Corinne Lepage

Corinne Lepage is a renowned French lawyer and politician committed to the protection of the environment.

She holds a doctorate in law and is a graduate of the Institute of Political Studies in Paris. She was sworn in in 1975.

Over the past 40 years, Corinne Lepage has been committed to the environment in various ways.

A renowned lawyer, she defended the victims of the oil spills

resulting from the Amoco Cadiz shipwreck (1978). The

Huglo-Lepage law firm and the Breton communities won their case and thus created a world first in environmental law, which opened the way to stronger protection for communities that were victims of serious pollution. The Erika

and Grande-Synthe cases are other successes that Huglo-Lepage has won and that have left their mark on environmental law.
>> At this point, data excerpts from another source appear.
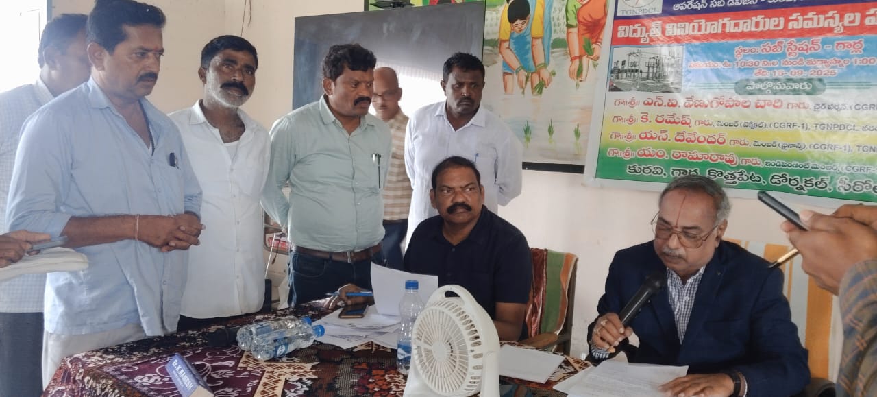 గార్ల సెప్టెంబర్ 16 (నిఘా న్యూస్): విద్యుత్ వినియోగదారుల సమస్యలు తెలుసుకొని సత్వరం పరిష్కరించేందుకే గ్రీవెన్స్లు నిర్వహిస్తున్నామని (సీజీఆర్ఎఫ్) వరంగల్ చైర్మన్ ఎస్ .వి వేణుగోపాల చారి అన్నారు. గార్ల మండల కేంద్రంలోని స్థానిక రైతు వేదికలో మంగళవారం గార్ల డోర్నకల్ కురివి కొత్తపేట సీరోల్ మండలాల విద్యుత్ వినియోగదారుల ఫిర్యాదుల పరిష్కార వేదిక నిర్వహించగా ఆయన ముఖ్య అతిథిగా పాల్గొన్నారు తొలుత వందమంది వినియోగదారుల నుంచి ఫిర్యాదులు అందగా వాటిని స్వీకరించారు ఎక్కడ సమస్య వచ్చినా, విద్యుత్ సరఫరా నిలిచిపోంతోందని అన్నింటికి ప్రత్యేక లైన్లు ఏర్పాటు చేయాలని ప్రజలు వారి దృష్టికి తీసుకెళ్లారు. పలు సమస్యలను అప్పటికప్పుడే విచారించి పరిష్కరించారు వినియోగదాల నుండి వచ్చిన సమస్యలను రెండు రోజుల్లో పరిష్కరించాలని విద్యుత్ శాఖ ఎస్ఈ డిఈలను ఆదేశించారు అధికారులు విధులను నిర్లక్ష్యం చేస్తే శాఖ పరమైన చర్యలు తీసుకుంటామని హెచ్చరించారు అనంతరం ఈ సందర్భంగా ఆయన మాట్లాడుతూ ప్రజల నుంచి వచ్చిన ఫిర్యాదుల ఆధారంగా సమస్యలను గుర్తించి పరిష్కరించేందుకు కృషి చేస్తామన్నారు నాణ్యమైన విద్యుత్ అందించేందుకు రాజీపడేది లేదన్నారు. విద్యుత్ సరఫరాలో అంతరాయాలు, హెచ్చుతగ్గులు, మీటరు ఆగిపోవడం, కాలిపోవడం, బిల్లుల సమస్యలు, కొత్త సర్వీసులు, అదనపులోడు ఇవ్వడంలో నిర్లక్ష్యం, జాప్యం, డిస్ట్రిబ్యూషన్ ట్రాన్స్ఫార్మర్ సమస్యలు, ఓవర్లోడ్, కాలిపోవడం, తరలించడం, ఎల్టీ కేటగిరి, ఫేజ్ మార్చడం తదితర సమస్యలపై ఫిర్యాదు చేయవచ్చని వివరించారు.రైతులు ట్రాన్స్ఫార్మర్లు కాలిపోతే సమాచారం ఇవ్వాలని విద్యుత్ అధికారులు 48 గంటల్లో కొత్త ట్రాన్స్ఫార్మర్లు అమర్చుతారని రెండు రోజుల్లో ట్రాన్స్ఫార్మర్లు ఏర్పాటు చేయని పక్షంలో ఉన్నతాధికారులకు గాని టోల్ ఫ్రీ 1912 నెంబర్ కు కాల్ చేయాలని సూచించారు. వినియోగదారులు సీజీఆర్ఎఫ్ సేవలను సద్వినియోగం చేసుకోవాలని కోరారు. ఈ కార్యక్రమంలో సిజిఆర్ఎఫ్ సభ్యులు కె రమేష్ ఎన్ దేవేందర్ అడిషనల్ డీఈ ఎం రామారావు విద్యుత్ శాఖ ఎస్. ఈ విజయేందర్ రెడ్డి డిఈ విజయ్ ఎఈ మహేందర్ బాబు సిబ్బంది తదితరులు పాల్గొన్నారు.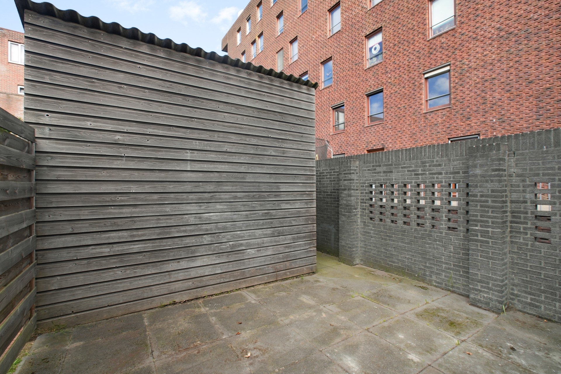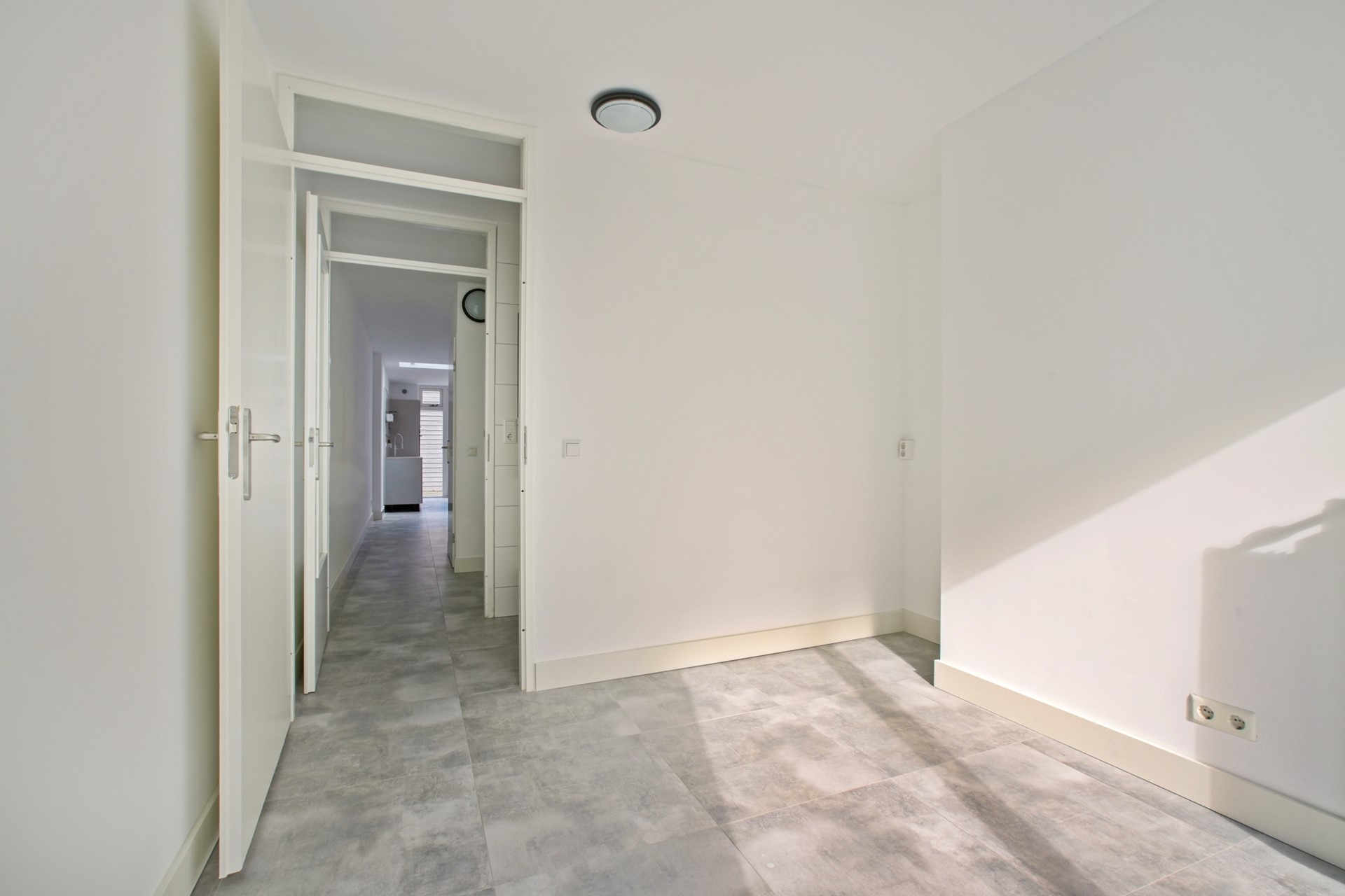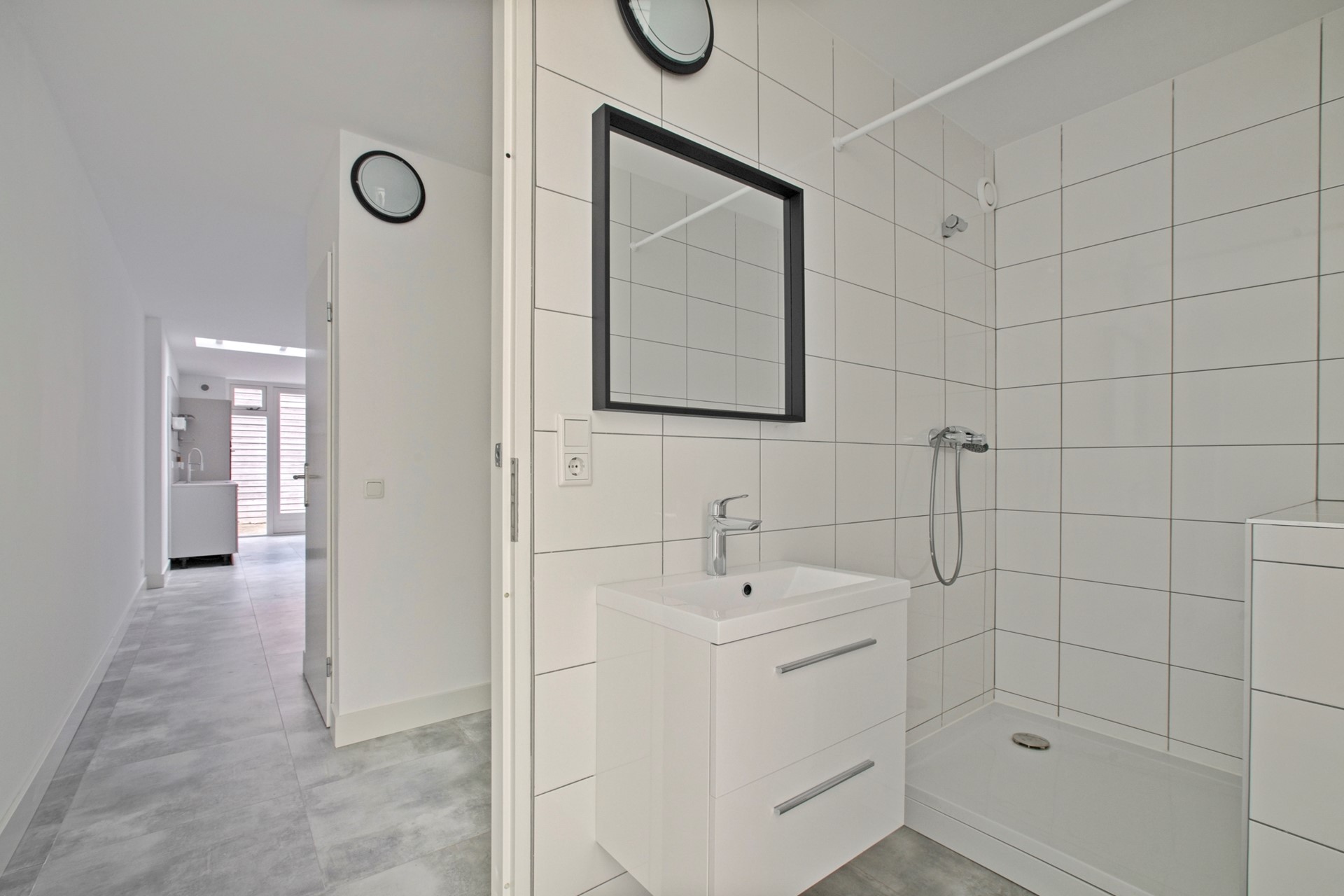 Begane grond: Voortuin, entree, lange hal met separaat toilet met fonteintje. Vanuit de gang kom je in de ruime woonkamer/eetkeuken met de splinternieuwe fraaie open keuken. Zowel de woonkamer als de keuken zijn zeer licht door de grote raampartijen en de dakramen. De moderne en nieuwe open keuken is voorzien van nagenoeg alle denkbare inbouwapparatuur. Vanuit de keuken heb je toegang via de openslaande deuren tot de verzorgde achtertuin. De achtertuin meet ca. 36m2 groot, is onderhoudsvriendelijk aangelegd en gelegen op het noordwesten. In de tuin vind je de grote houten berging en achterom. Aan de voorzijde tref je de eerste badkamer met douche en wastafel en een (slaap)kamer of een praktisch kantoor aan huis.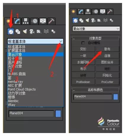 开始运用【散布】的命令操作,选中面片点击【散布】,然后拾取分布对象选中球体。(首先选中平面点击散布命令之后选中球体点击拾取分布对象)然后根据自己的需求在修改面板中的源对象参数进行调整。如图7、图8所示。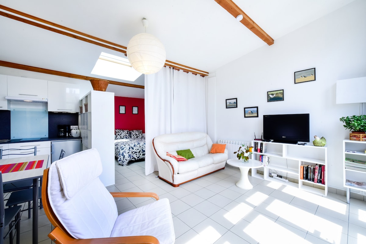 Gəlin və batareyalarınızı gözəl Bassin d 'Arkaçonun mərkəzindəki bu füsunkar mənzildə doldurun. İkinəfərlik çarpayısı (140 sm) və rahat bağ mənzərəli böyük rahat otaqdan, meşəyə açılan işıqlı hamam otağından, yemək sahəsi olan mətbəxdən zövq alın, fransız qapısı sayəsində bayıra açılır. Sizi qarşılamağı səbirsizliklə gözləyirik. Ən yaxşı fəaliyyətləri, restoranları kəşf etmək üçün ipucları istəyirsinizsə, sizə bələdçilik etməkdən məmnun olarıq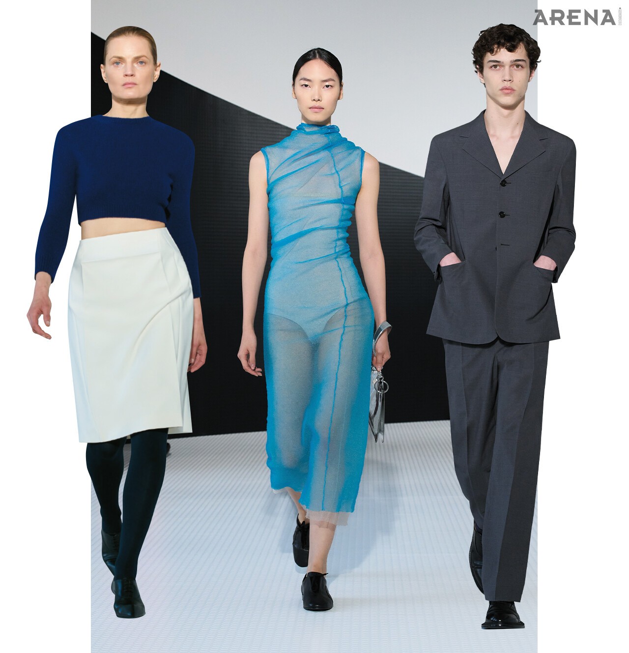 시모네 벨로티의 질 샌더 데뷔 쇼에서 반가운 얼굴을 마주했다. 바로 컬렉션의 시작을 연 모델 기네비어 반 시누스. 지금까지 꾸준히 회자되는 질 샌더 1996 S/S 캠페인의 주인공인 그는 시간이 흘렀음에도 여전히 선연한 존재감으로 런웨이를 단숨에 장악했다. 간결하고 직선적인 룩들은 언뜻 그 시절의 옷과 크게 다를 바 없어 보였다. 하지만 찬찬히 살펴보니 구겨진 주름과 거친 마감으로 의도적인 균열을 내고 슬릿이나 컷아웃, 투명한 소재를 사용해 은근하게 몸을 노출하는 방식으로 새로운 변주를 더한 것이 눈에 띄었다. 질 샌더의 아카이브를 충실하게 반영한 컬렉션이었지만, 시모네 벨로티만의 고유한 색이 얼마나 명확하게 드러났는지는 아직 미지수.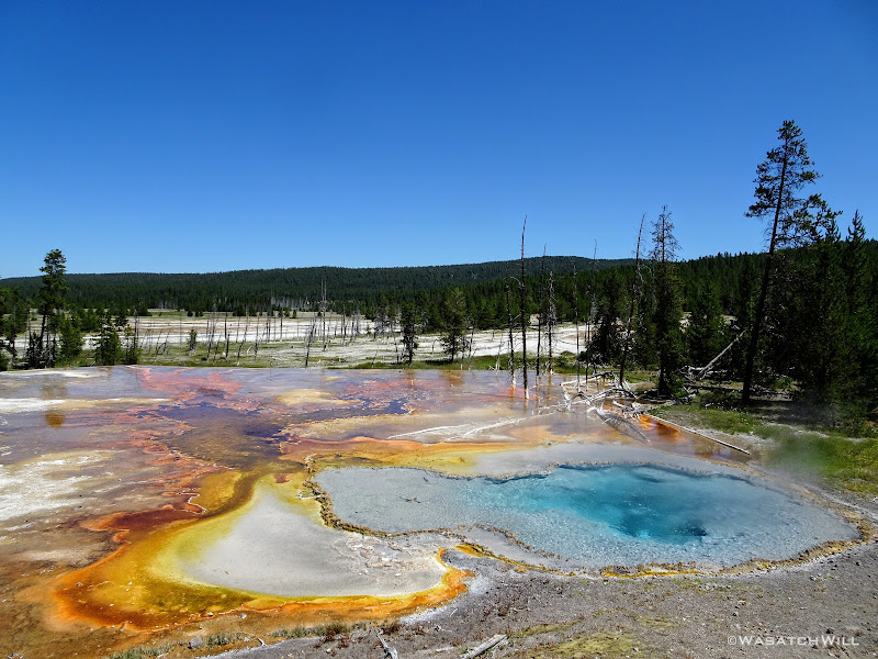 Much of the next morning was spent taking down camp and getting our car packed up for the long haul back home. We'd take time to do a bit more sight-seeing on the way home though. First, it was a quick little spur trip out to neighboring West Thumb Geyser Basin near our campground.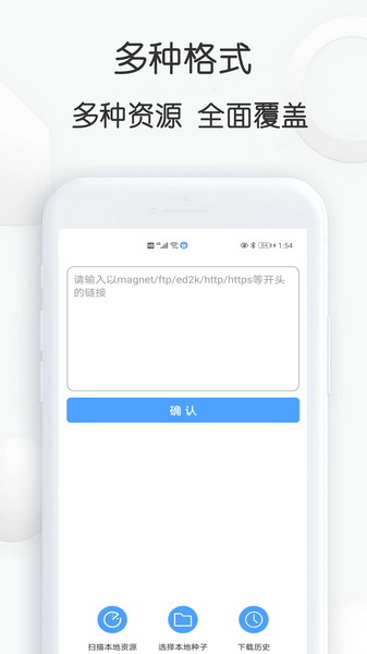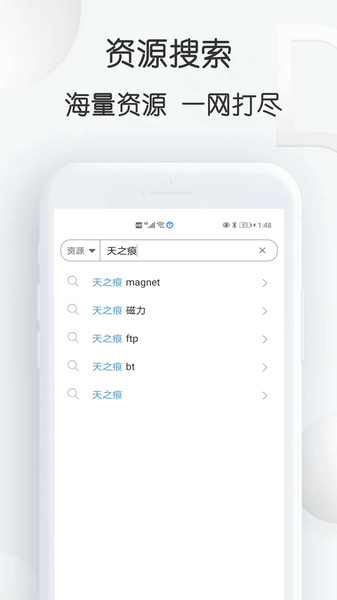 【资源搜索】支持电影、音乐、文档、图片、动漫等文件资源的搜索,不管是网络链接、bt种子搜索、磁力搜索,一键即可开启搜索,同时可以收藏至本地,资源无忧。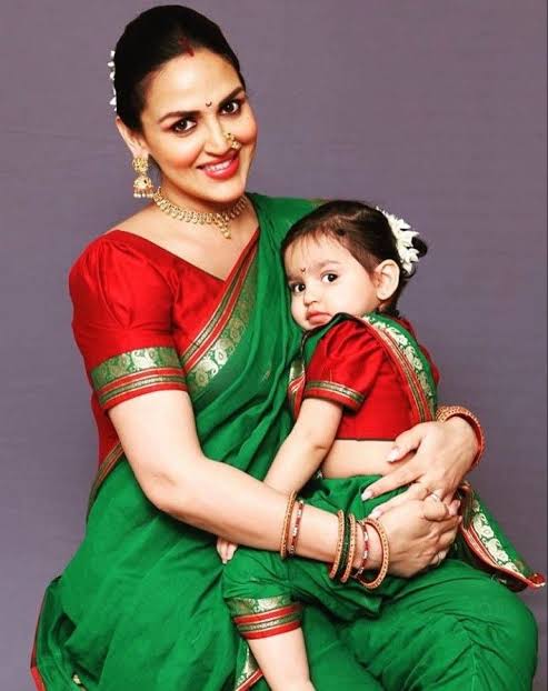 It was in 2019, when Esha was pregnant with Miraya but the doting mother had twinned with her elder daughter, Radhya at her first performance in playschool. Though Esha is often seen performing with her mother, Hema Malini on the stage, this was her first performance with Radhya at her school's annual function. Esha had adorned a green saree with a red and golden border and paired it up with a red blouse. She had dressed Radhya in the same manner and the mommy-daughter duo looked adorable in matching outfits.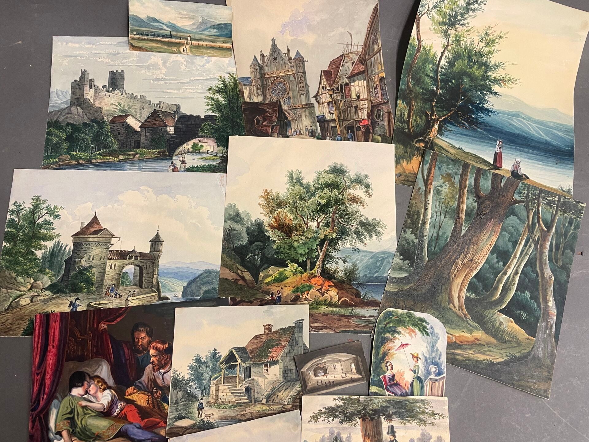 Lot of watercolours in colours landscape, Normandy, Edward's children at the Tower of London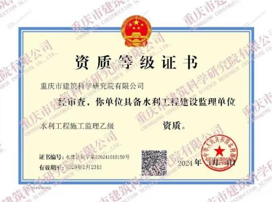 近日,經國家水利部核準,重慶設計集團所屬子企業(yè)重慶市建筑科學研究院有限公司申請的水利部水利工程施工監(jiān)理乙級資質成功獲批。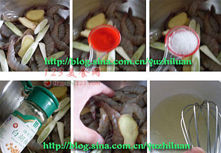 7、虾腌好以后捡去葱段姜片不要,均匀的撒上少许干面粉拌匀。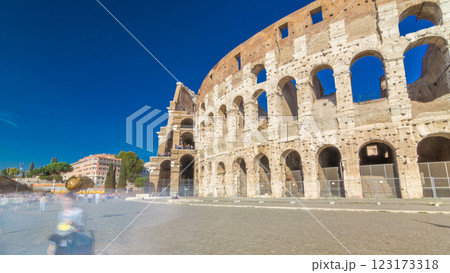 The Colosseum or Coliseum timelapse hyperlapse, also known as the Flavian Amphitheatre in Rome, Italy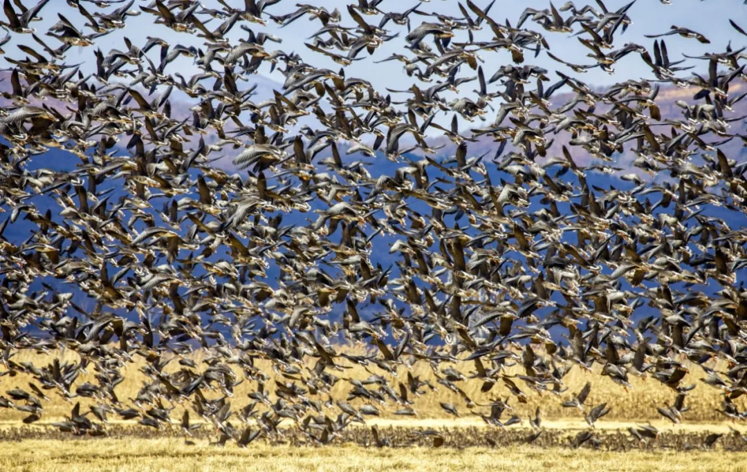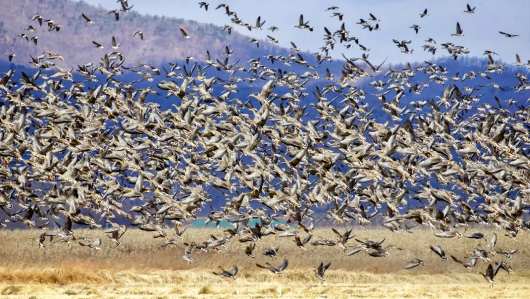 11월 10일 오전, 훈춘시촬영가협회 촬영사 리화춘은 경신진 금당촌 부근의 논밭에서 경이로운 순간을 포착했다. 그의 렌즈를 통해 펼쳐진 장면은 마치 자연의 기적을 보는 것 같았다. 수천마리의 쇠기러기들이 하늘을 가득 메우며 날아오르고 내려앉고 있었는데 그야말로 장관이였다. 이 장면은 인간과 자연이 함께 숨 쉬며 공존하는 아름다운 생태화폭을 생동감 있게 보여주었다.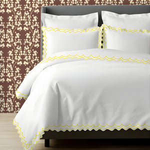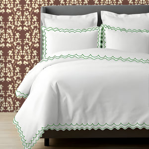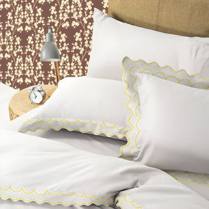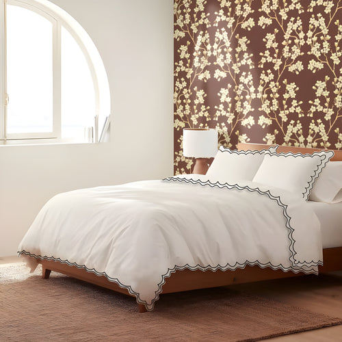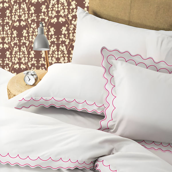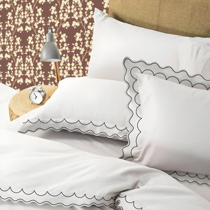 • Features fabric trim & embroidery scalloped piping all around to pillow sham and duvet cover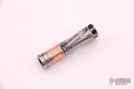 This Hoku flashlight from Mitch Lum/Laulima Metal Craft and Joshua Dawson features a titanium and copper body. 219CUK emitter.   Mule optic.  Takes a single 10440 battery. This piece comes with a custom pouch and original info card, dated 10/13/21. DOES NOT INCLUDE BATTERY. New from maker.

After a mandate as a local elected official obtained in 1989, in 1995 she responded positively to the proposal of Alain Juppé and became Minister of the Environment until 1997. During her mandate, she carried out the project of the LAURE law concerning air pollution and the rational use of energy. In 1997, thanks to a firm and sustained position on her part, she obtained the non-restarting of the nuclear reactor Superphénix and a moratorium on GMOs.

She will become an MEP from 2009 to 2014 and will be first vice-president of the Health and Environment Committee of the European Parliament.

After the creation of the Cap 21 party in 2000, she founded and chaired the environmental party Rassemblement citoyen – Cap 21 in 2014, which she still chairs today.

From 1975 to 2011, she pursued in parallel to her professional and political activities a teaching career at the Institute of Political Studies of Paris for 30 years as a lecturer and then professor at the Institute of Political Studies of Paris, but also as a lecturer in several universities.

She is the author of some thirty works on environmental law and political essays of a general nature or more specifically on environmental issues. She has also published several hundred articles in French and European journals.

Finally, she is very involved in community life. In addition to the Friends association of the Universal Declaration of Humankind rights (Association des amis de la Déclaration Universelle des Droits de l’Humanité in french : ADDHu), which she created and has chaired since 2015, she currently chairs WECF, the association justicepesticide, the movement of entrepreneurs of the new economy (MENE).